▶ _Required action_
Retype nothing except the lines below from the one with "- 대원전선 (4,260원" through the one with "如题,看图免责声明,仅供参考", exactly, with images left out.

[[ Task material, beginning ]]

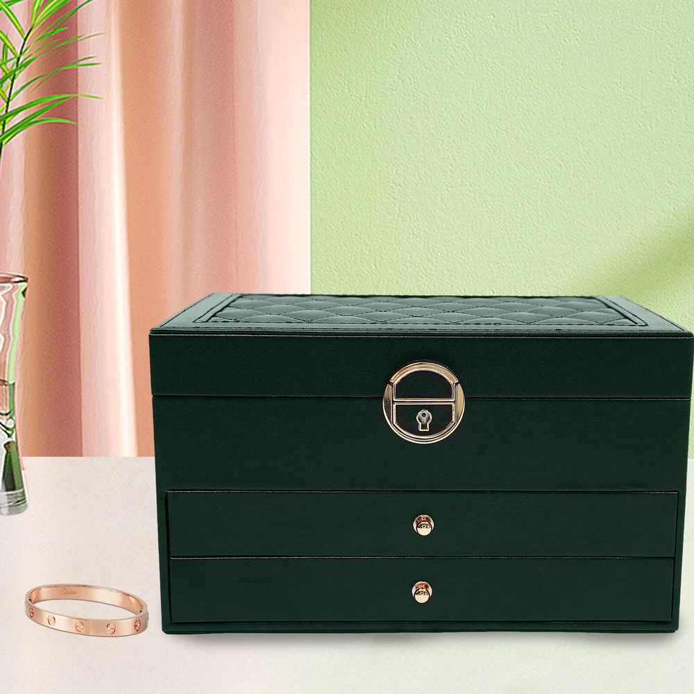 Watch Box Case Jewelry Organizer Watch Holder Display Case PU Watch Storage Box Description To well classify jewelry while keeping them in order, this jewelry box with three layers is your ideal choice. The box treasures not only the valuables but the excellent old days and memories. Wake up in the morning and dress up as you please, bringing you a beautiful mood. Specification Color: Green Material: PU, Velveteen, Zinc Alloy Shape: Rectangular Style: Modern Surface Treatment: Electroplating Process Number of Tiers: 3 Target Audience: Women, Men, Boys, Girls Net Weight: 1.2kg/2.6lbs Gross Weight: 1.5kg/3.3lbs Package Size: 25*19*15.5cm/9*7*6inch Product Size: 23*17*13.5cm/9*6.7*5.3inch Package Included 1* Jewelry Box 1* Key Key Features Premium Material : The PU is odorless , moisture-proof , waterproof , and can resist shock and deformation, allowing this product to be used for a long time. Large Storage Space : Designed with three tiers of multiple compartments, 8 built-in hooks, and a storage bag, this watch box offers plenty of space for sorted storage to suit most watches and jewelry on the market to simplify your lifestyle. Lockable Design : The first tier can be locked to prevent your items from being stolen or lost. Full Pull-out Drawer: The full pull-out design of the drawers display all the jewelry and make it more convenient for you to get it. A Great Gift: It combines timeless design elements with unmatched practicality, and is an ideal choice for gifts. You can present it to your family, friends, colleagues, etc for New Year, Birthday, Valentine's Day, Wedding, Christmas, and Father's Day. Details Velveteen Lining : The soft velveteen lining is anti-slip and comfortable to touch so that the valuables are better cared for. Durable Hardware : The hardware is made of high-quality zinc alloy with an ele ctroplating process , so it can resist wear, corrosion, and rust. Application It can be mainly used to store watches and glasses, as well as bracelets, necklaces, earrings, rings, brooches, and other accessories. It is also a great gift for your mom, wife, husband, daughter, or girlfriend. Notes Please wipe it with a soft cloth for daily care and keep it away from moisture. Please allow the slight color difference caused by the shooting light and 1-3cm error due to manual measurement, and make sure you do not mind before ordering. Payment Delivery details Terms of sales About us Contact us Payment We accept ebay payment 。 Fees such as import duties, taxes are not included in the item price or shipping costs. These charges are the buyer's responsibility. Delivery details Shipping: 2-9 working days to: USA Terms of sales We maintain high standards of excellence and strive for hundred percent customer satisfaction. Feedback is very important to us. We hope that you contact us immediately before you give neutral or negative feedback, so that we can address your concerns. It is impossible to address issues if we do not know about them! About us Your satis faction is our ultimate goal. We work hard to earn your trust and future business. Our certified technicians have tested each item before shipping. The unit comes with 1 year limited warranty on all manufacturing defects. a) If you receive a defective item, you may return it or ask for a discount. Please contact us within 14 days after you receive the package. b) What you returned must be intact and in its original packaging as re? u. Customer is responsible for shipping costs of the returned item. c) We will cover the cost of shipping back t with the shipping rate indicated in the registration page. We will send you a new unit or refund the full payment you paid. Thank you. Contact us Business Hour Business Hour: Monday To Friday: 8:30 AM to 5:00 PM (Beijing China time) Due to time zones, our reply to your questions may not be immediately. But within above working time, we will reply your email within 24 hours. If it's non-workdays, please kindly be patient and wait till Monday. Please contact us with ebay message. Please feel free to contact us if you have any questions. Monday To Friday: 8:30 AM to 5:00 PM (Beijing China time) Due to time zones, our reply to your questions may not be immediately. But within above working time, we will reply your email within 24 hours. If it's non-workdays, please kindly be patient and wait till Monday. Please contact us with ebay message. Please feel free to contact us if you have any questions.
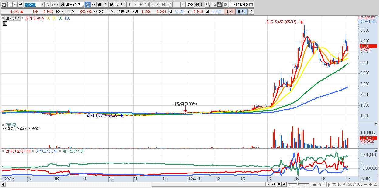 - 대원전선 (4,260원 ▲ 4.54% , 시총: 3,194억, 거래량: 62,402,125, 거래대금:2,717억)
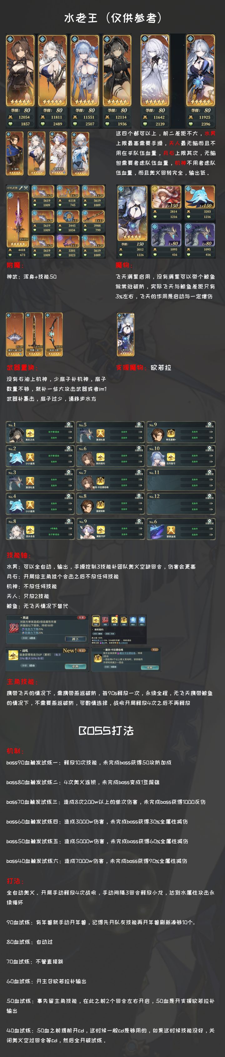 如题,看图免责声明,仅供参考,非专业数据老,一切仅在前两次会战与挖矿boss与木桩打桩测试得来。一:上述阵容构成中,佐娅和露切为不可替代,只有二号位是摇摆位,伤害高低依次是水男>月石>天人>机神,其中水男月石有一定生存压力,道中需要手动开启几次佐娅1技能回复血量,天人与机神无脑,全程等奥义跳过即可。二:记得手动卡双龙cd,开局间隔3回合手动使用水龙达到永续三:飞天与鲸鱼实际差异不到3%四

[[ Task material, end ]]
[[ Task material, beginning ]]

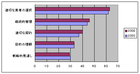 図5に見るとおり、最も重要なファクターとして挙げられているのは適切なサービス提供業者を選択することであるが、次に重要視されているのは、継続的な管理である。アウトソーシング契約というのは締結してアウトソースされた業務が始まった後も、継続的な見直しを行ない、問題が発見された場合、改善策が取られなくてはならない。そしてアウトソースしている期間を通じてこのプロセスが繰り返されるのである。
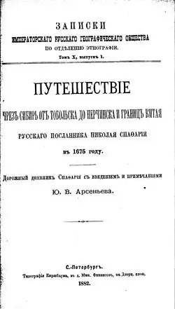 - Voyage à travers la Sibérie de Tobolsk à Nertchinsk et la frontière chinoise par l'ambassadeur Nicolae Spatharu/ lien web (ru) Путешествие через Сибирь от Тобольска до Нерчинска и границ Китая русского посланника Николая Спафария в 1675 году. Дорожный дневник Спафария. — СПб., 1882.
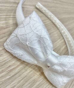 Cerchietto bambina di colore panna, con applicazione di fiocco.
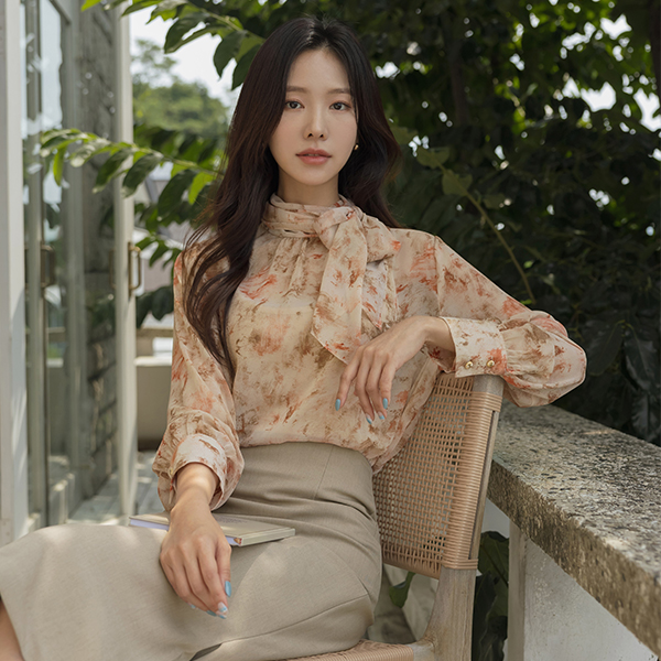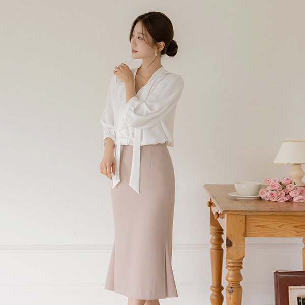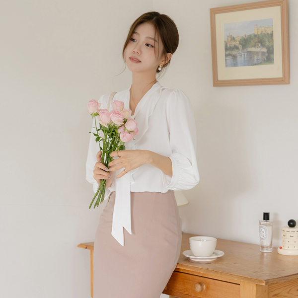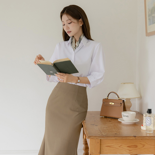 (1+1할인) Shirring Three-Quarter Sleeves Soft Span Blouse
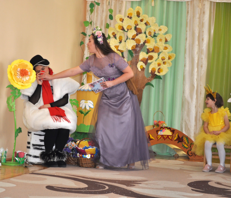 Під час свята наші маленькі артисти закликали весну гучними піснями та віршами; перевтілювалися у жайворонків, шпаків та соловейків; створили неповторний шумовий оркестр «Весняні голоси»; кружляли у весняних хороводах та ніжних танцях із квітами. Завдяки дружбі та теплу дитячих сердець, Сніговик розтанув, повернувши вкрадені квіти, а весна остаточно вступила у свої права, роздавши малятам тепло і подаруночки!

[[ Task material, end ]]

▶ _The completed task_
 - 대원전선 (4,260원 ▲ 4.54% , 시총: 3,194억, 거래량: 62,402,125, 거래대금:2,717억)
 如题,看图免责声明,仅供参考,非专业数据老,一切仅在前两次会战与挖矿boss与木桩打桩测试得来。一:上述阵容构成中,佐娅和露切为不可替代,只有二号位是摇摆位,伤害高低依次是水男>月石>天人>机神,其中水男月石有一定生存压力,道中需要手动开启几次佐娅1技能回复血量,天人与机神无脑,全程等奥义跳过即可。二:记得手动卡双龙cd,开局间隔3回合手动使用水龙达到永续三:飞天与鲸鱼实际差异不到3%四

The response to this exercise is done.